Ferrari’s Charles Leclerc took his second successive pole position at Monte Carlo, in a truncated qualifying session after Sergio Perez crashed out at Portier.

Carlos Sainz made it a front row lockout for the Maranello-based team, with Sergio Perez out qualifying his teammate and championship leader Max Verstappen to start third.

Track evolution during the first qualifying session meant we saw a variety of drivers head to the top of the times. Red Bull were fastest early on, before Fernando Alonso and Lando Norris displaced them for the top two.

Yuki Tsunoda past a marshal waving a red flag. Image courtesy of RedBull Content Pool

It took a few laps for Charles Leclerc to get into his rhythm, but he was fastest ahead of his teammate Carlos Sainz, before a small tap to the wall from Yuki Tsunoda led to a rogue red flag – allegedly caused by a marshal accidentally picking one up rather than a yellow flag.

Only two and a half minutes were remaining in Q1 after this, and with space at a premium around Monaco, someone was always going to be left frustrated. Ironically, it was Pierre Gasly who lost out the most due to the red flag, dropping out in the first part of qualifying alongside Albon, Stroll, Latifi and Zhou.

Leclerc continued his fantastic pace in the second part of qualifying, becoming the first man to get into the 1:11s. It wasn’t all plain sailing though for the Monegasque driver – he missed the weighbridge on the way into the pits, and had to be pushed back by the Ferrari mechanics to avoid a penalty. Daniel Ricciardo’s tough weekend continued, as he qualified down in thirteenth place. Tsunoda, Bottas, Magnussen and Schumacher also failed to make it into the top ten.

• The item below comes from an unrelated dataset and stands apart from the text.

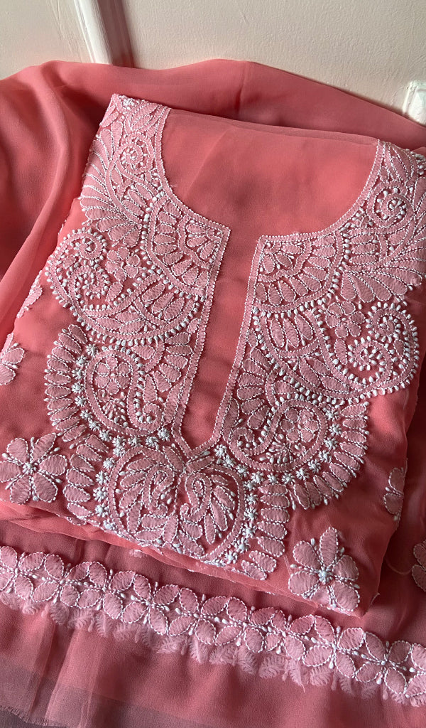 The thing about Lakhnavi Chikankari Suits is that most of them are one of a kind. Once a design is sold out, it’s almost impossible to find a replica or even a similar design anywhere in the market or online. This is what makes Chikankari suit fabrics unique just like this one. It’s made with the finest chikankari stitches by extremely skilled craftsmen of Lucknow. The advantage of buying an unstitched Chikankari suit fabric is that you can get it stitched and customized as per your personal style. Shop now and embrace the beauty of Nazrana’s heritage needlecraft, redefining sophistication with every product.

Charles Leclerc making his way around the streets. Image courtesy of Pirelli F1 Media

It was only the Ferraris and the Red Bulls who used fresh tyres for the first runs in Q3, which proved to be the deciding laps for the front positions. Charles Leclerc went fastest with a 1:11.376, nearly a quarter of a second ahead of Sainz. As has been the case for the majority of the weekend, Perez looked more comfortable than Verstappen, with the Mexican securing third place ahead of Max in fourth.

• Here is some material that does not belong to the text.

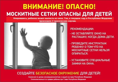 окна; постоянно напоминать детям о том, что нельзя опираться на москитные

Whether he’ll be able to start there though, is another matter entirely. Perez crashed on his final run through Portier, losing the car on turn-in, and heavily damaging the rear. Sainz was slow to react to the yellow flags and made contact with the Red Bull, and could well get another reprimand which would lead to a 10-place grid drop.

Lando Norris defied his illness to qualify fifth , ahead of Russell, Alonso, Hamilton, Vettel and Ocon.

Leclerc’s ‘Monaco curse’ has been well documented, as he is yet to see the chequered flag in six races in the principality across different categories. Starting from pole position gives him the ideal opportunity to break this curse once and for all, and retake the championship lead, but the potential for rain on Sunday means victory is not a foregone conclusion for the Ferrari driver.